Em O Guru, mais do que nos outros livros, o poeta parece incomodado com uma situação particular do mundo, a da era dos coaches e gurus, embora não especificamente com essas pessoas que "transmerdam" a internet, mas ― indo à raiz do problema ― preocupa-se com o engodo de uma sociedade que vende e se vende sistematicamente, quase como se esse fosse o destino humano ― que, sabemos, traduz apenas o desejo do capitalismo de transformar tudo em mercadoria e, consequentemente, lucro.
Nessa selva em que uns comem os outros para se manterem como "vendedores de verdades", de saúde, de motivação, de produtos dispensáveis (e que apenas aumentam a poluição das mentes e do ambiente), o poeta decide enfrentar os leões, onças e buldogues dessa selva-capital.
E enfrenta, também, a si mesmo, na qualidade de poeta ― aquele que observa o mundo à distância, vê seus transes e sente-se rejeitado até pelo diabo.
Não se trata de um livro engajado, ao contrário, O Guru apela para uma outra questão, a da filtragem que a poesia pode fazer do "engodo do mundo".
Em "Cartilha", por exemplo, diz: "O que há de gigante é a linguagem incontornável/ extemporânea, anacrônica, da poesia".
Trata-se, pois, do contrário do "coachar" do coach, que vende a certeza de sua falsidade: "Quem vende, precisa crer no que está fazendo. Todo mascate sabe que a vida é uma mentira deslavada", diz em "Da Central".
Ao poeta, cumpre não cair na cilada da retórica do vazio.

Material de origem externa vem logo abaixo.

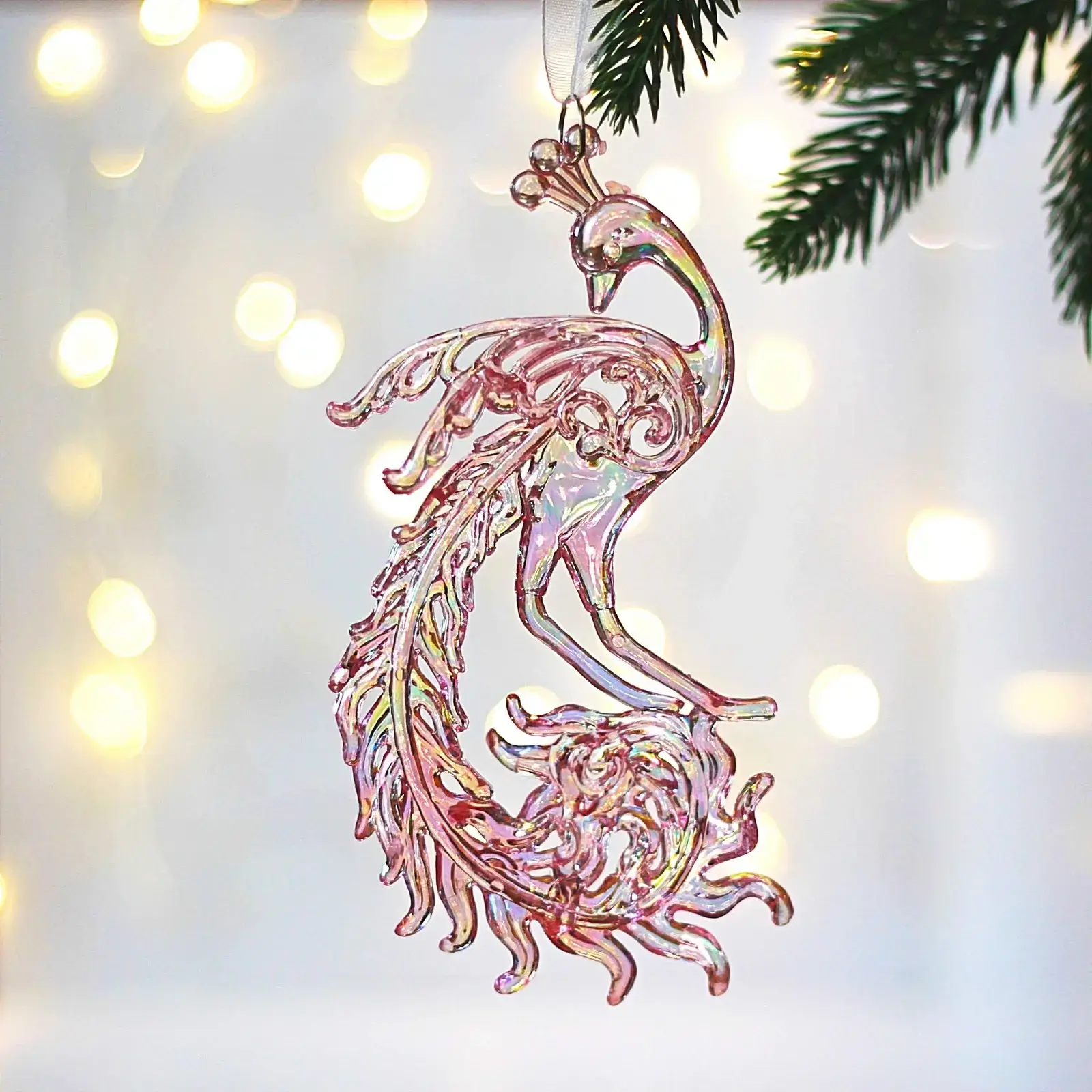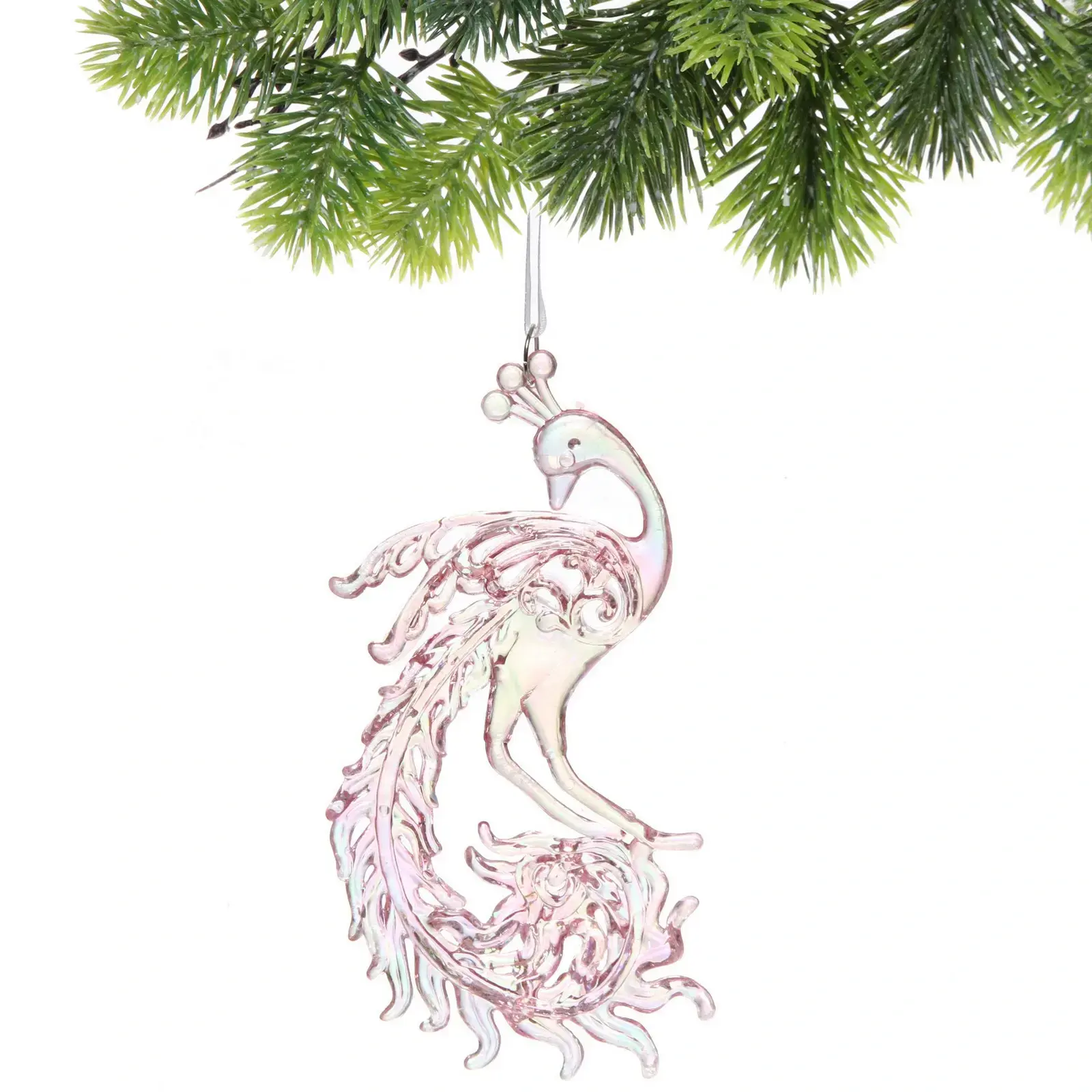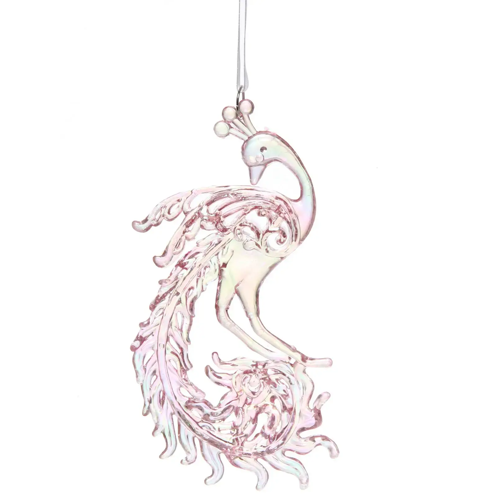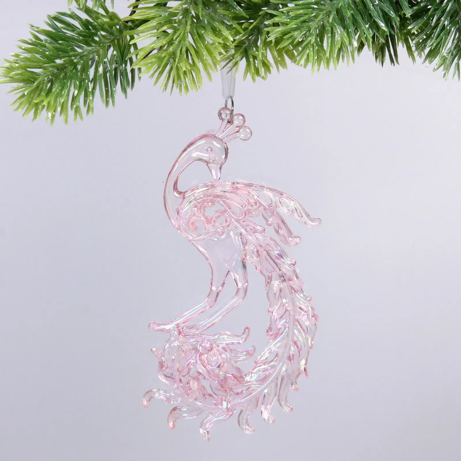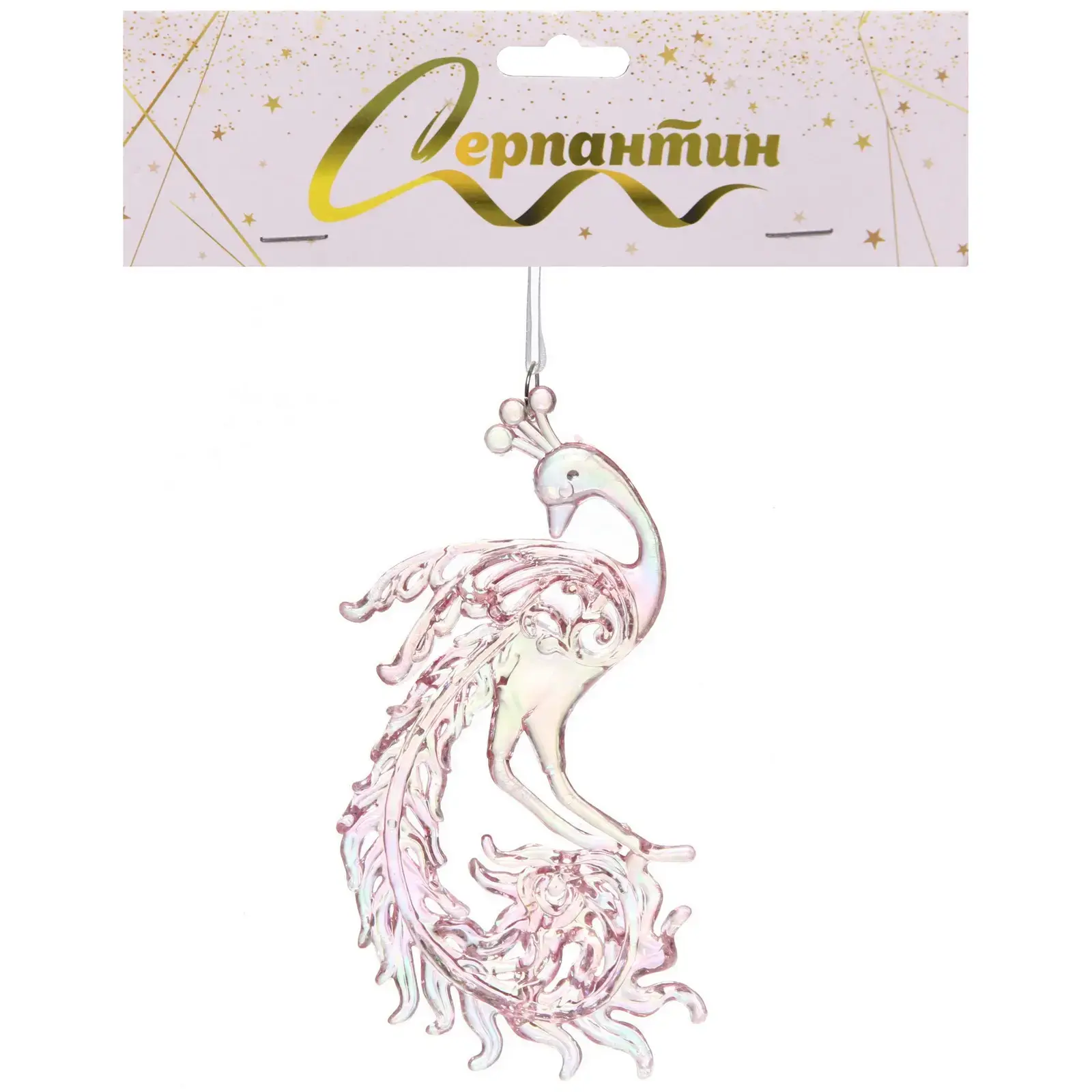 Эта изящная подвеска в форме павлина добавит волшебства и уюта в ваш дом. Выполненная из прозрачного материала с нежным розовым оттенком, она станет ярким акцентом в любом праздничном оформлении. Благодаря своему уникальному дизайну, подвеска привнесет атмосферу праздника и радости в ваш дом.
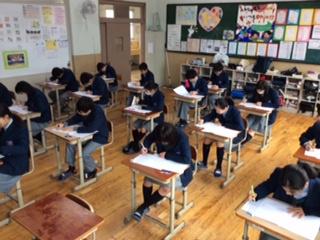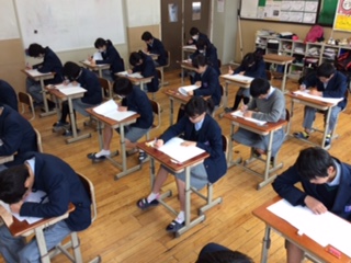 2年生第5回定期テスト1日目1限目は国語です。リスニングテストから始まりました。

Diferente do uso instrumental da língua, o poeta trabalha com a écriture (Barthes), que "não se domestica".
"Que maravilha seria então juntar lé-com-cré/ e acabar como um doido-varrido./ Imagina então ser poeta e só falar tatibitate?", diz em "Tatibitat'e.
O poema que dá título ao livro, "O Guru", arma a bomba das poesias que se seguem página adentro, dessacralizando os métodos: "Tenho horror a oficinas de poesia./ Lembram aqueles serviços/ de coaching" ― colocando uma pá de cal no universo das "mentiras sobre mentiras", essas escolas do vazio das narrativas do "nada em abismo" ― mise em abyme ― que são os vendedores de ilusão.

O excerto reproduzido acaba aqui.